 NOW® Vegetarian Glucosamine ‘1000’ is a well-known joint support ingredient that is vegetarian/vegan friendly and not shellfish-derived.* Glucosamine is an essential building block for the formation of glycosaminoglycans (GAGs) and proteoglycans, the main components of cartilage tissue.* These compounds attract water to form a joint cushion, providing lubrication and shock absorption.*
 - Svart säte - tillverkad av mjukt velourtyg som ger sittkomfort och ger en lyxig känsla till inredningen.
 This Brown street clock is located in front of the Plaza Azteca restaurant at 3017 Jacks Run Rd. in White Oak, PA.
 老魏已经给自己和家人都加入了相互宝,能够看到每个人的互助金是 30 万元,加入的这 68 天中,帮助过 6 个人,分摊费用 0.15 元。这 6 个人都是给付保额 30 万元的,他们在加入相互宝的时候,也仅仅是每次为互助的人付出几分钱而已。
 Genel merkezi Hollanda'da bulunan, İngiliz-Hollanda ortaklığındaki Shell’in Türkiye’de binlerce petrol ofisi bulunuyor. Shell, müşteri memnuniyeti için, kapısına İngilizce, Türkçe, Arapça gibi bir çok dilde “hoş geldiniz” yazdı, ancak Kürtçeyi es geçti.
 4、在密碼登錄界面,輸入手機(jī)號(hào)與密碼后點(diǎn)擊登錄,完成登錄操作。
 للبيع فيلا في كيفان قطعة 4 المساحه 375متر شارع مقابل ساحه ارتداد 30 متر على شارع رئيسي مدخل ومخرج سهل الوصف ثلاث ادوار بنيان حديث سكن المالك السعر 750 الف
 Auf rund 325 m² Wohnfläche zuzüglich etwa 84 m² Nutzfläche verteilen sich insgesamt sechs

- - -

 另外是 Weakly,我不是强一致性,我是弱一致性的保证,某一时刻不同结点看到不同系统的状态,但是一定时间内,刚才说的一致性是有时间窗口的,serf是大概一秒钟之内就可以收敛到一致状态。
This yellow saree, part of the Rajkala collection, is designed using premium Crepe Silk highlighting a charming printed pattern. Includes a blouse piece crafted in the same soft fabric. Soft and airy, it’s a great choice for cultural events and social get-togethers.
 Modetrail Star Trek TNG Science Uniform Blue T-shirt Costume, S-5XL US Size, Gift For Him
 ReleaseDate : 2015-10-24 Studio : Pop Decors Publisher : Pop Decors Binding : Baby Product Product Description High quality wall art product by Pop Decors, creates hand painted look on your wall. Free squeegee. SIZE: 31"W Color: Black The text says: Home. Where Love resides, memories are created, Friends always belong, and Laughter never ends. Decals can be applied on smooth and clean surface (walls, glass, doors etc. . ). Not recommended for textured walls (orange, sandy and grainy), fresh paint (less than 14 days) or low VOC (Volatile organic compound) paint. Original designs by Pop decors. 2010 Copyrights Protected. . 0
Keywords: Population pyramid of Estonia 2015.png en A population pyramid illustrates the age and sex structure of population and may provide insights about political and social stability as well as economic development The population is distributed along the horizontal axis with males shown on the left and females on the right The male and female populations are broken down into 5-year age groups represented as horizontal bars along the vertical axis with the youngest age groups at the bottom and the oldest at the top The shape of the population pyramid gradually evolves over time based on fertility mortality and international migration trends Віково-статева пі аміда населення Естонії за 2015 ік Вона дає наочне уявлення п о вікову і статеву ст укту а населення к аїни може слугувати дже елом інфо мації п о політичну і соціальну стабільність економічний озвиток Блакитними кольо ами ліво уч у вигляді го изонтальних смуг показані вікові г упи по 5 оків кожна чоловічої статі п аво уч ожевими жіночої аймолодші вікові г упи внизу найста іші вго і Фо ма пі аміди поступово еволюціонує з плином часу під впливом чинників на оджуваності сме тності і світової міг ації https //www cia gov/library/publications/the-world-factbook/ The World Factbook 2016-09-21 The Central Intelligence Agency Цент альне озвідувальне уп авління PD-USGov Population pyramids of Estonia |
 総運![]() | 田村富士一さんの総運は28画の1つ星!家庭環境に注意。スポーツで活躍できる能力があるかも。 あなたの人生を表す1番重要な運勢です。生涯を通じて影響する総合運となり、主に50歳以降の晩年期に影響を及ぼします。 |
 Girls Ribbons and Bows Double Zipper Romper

- - -

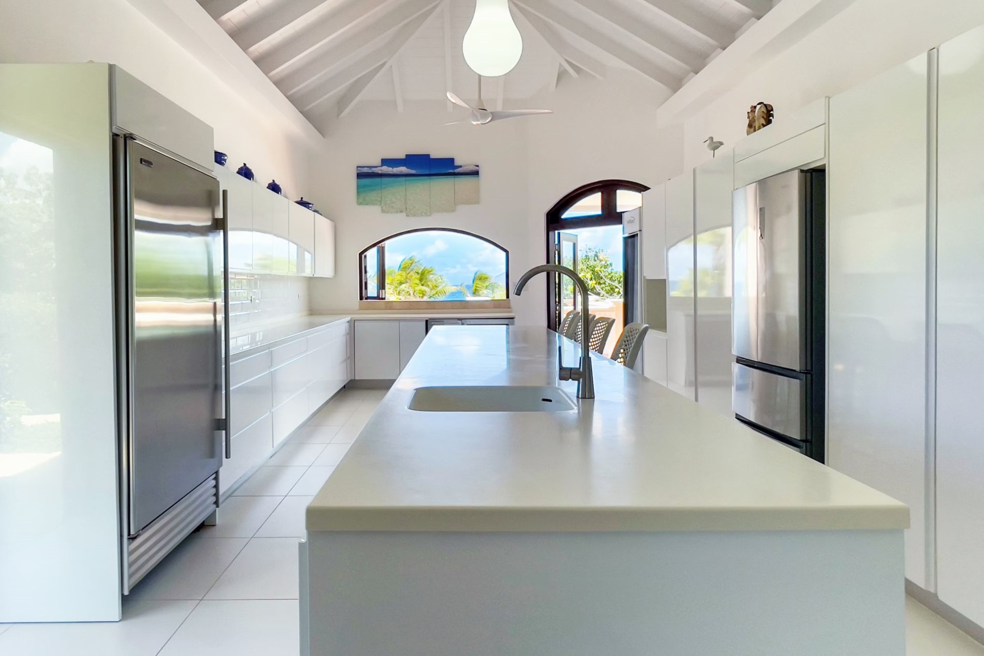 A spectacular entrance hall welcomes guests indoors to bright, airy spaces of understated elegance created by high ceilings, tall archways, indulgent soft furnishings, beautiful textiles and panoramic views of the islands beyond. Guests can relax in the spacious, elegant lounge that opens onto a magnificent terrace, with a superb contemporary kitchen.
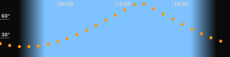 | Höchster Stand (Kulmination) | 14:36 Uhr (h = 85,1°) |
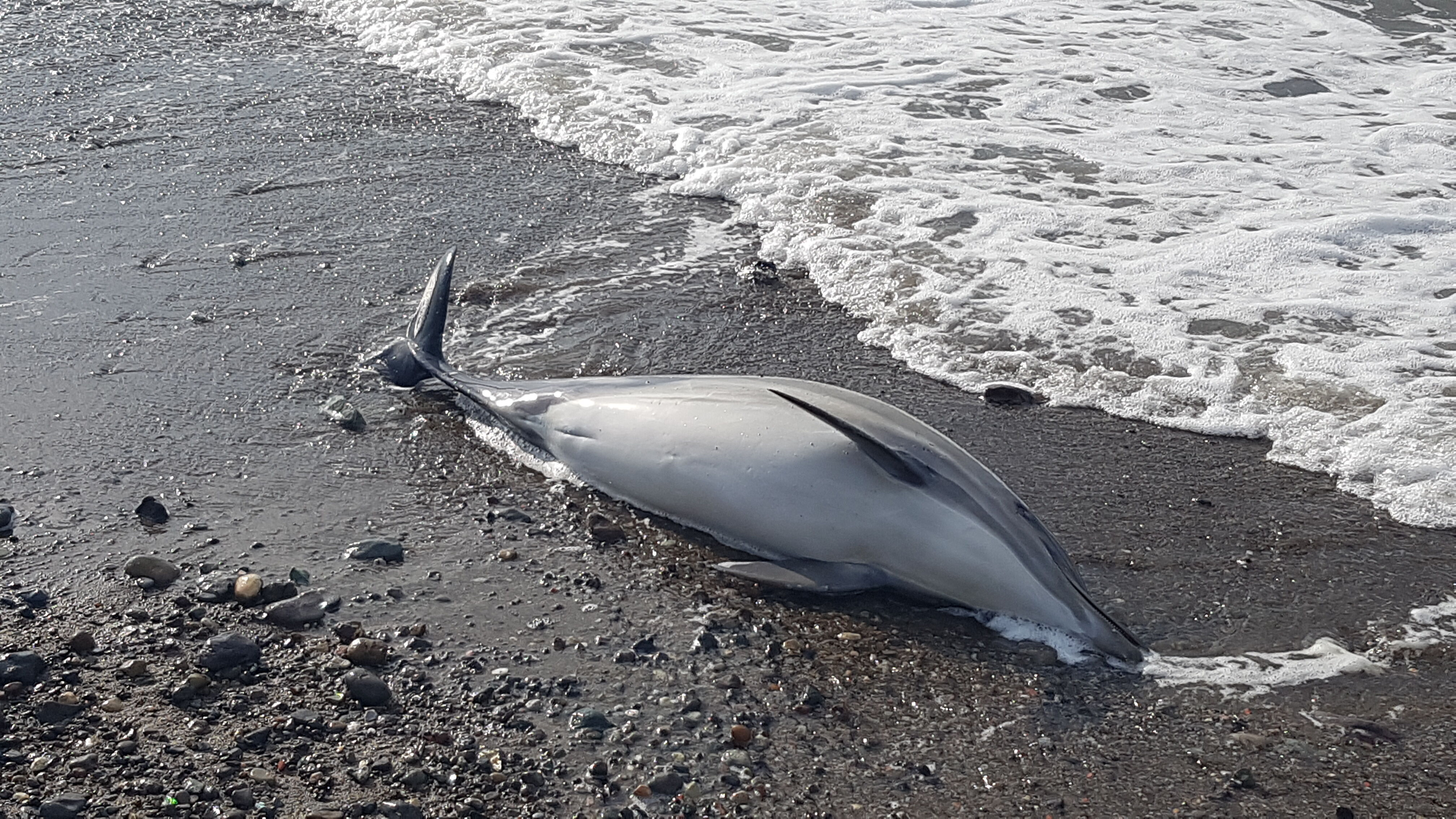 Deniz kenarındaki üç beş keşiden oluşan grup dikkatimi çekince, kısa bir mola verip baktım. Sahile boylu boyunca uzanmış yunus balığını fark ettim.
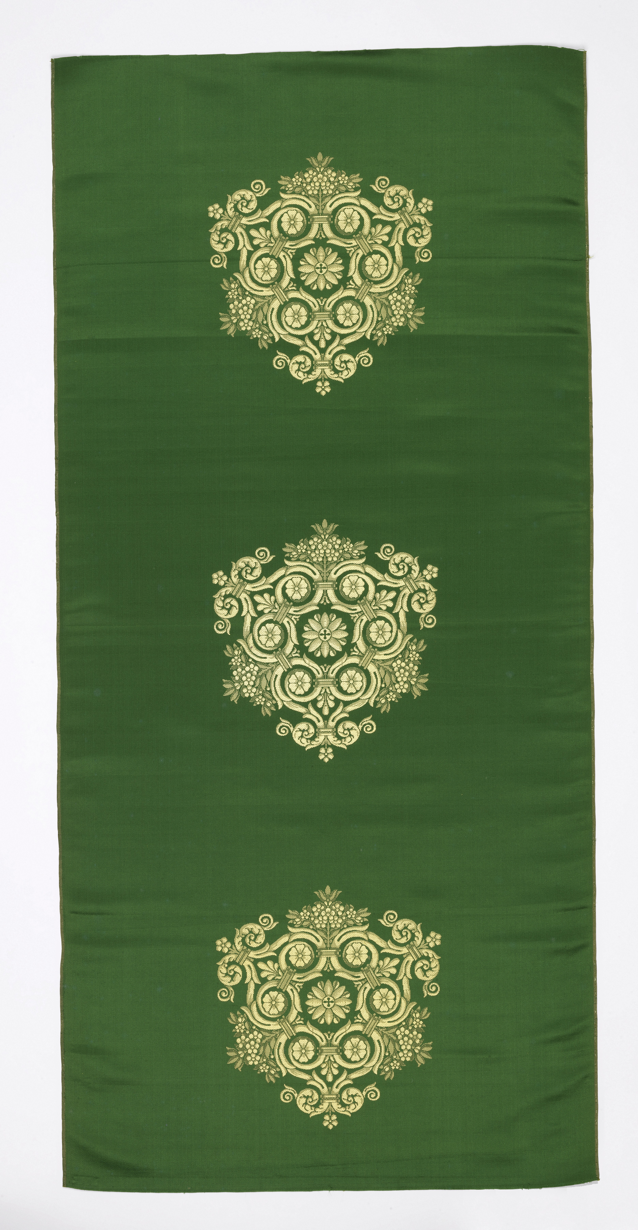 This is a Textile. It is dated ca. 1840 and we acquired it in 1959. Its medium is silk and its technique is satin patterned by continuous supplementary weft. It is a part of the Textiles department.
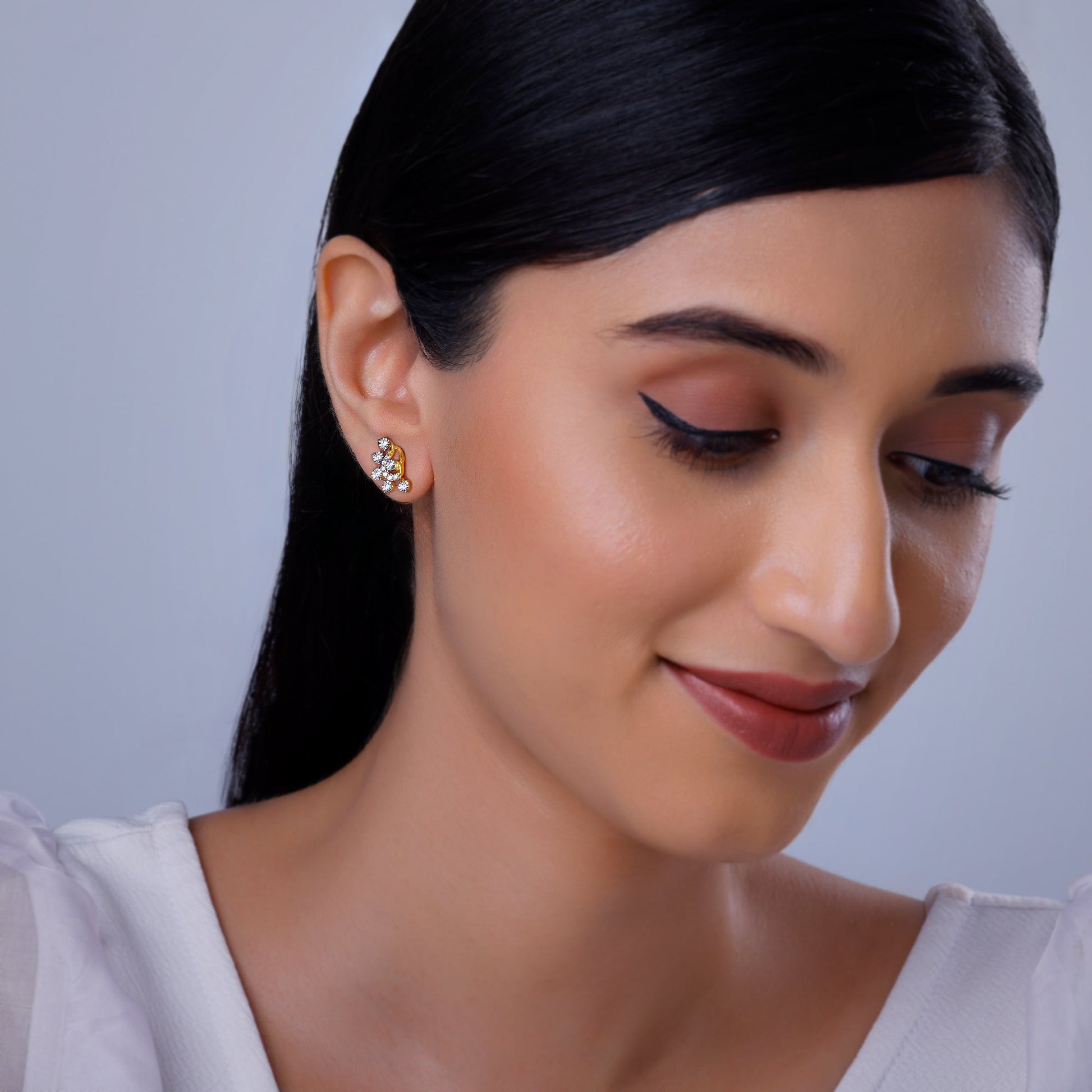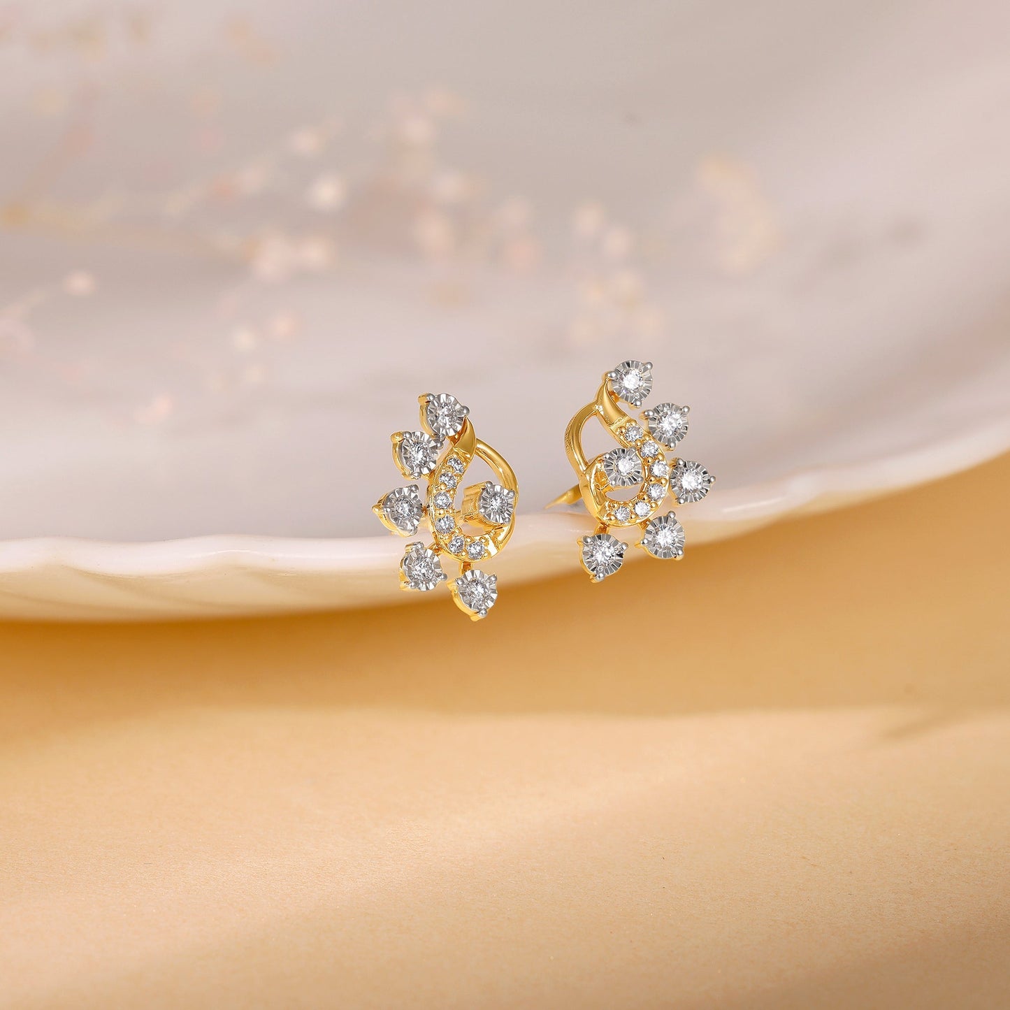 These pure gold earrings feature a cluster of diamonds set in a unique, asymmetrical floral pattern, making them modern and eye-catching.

- - -

- ABOUT THIS TASK:
Copy verbatim, from the listing above, each line from the one containing "総運![]() | 田村富士一さんの総運は28画の1つ星!家庭環境に注意。スポーツで活躍できる能力があるかも。" down to the one containing "Girls Ribbons and Bows Double Zipper Romper", inclusive.

- RESPONSE TO THIS EXERCISE:
 総運![]() | 田村富士一さんの総運は28画の1つ星!家庭環境に注意。スポーツで活躍できる能力があるかも。 あなたの人生を表す1番重要な運勢です。生涯を通じて影響する総合運となり、主に50歳以降の晩年期に影響を及ぼします。 |
 Girls Ribbons and Bows Double Zipper Romper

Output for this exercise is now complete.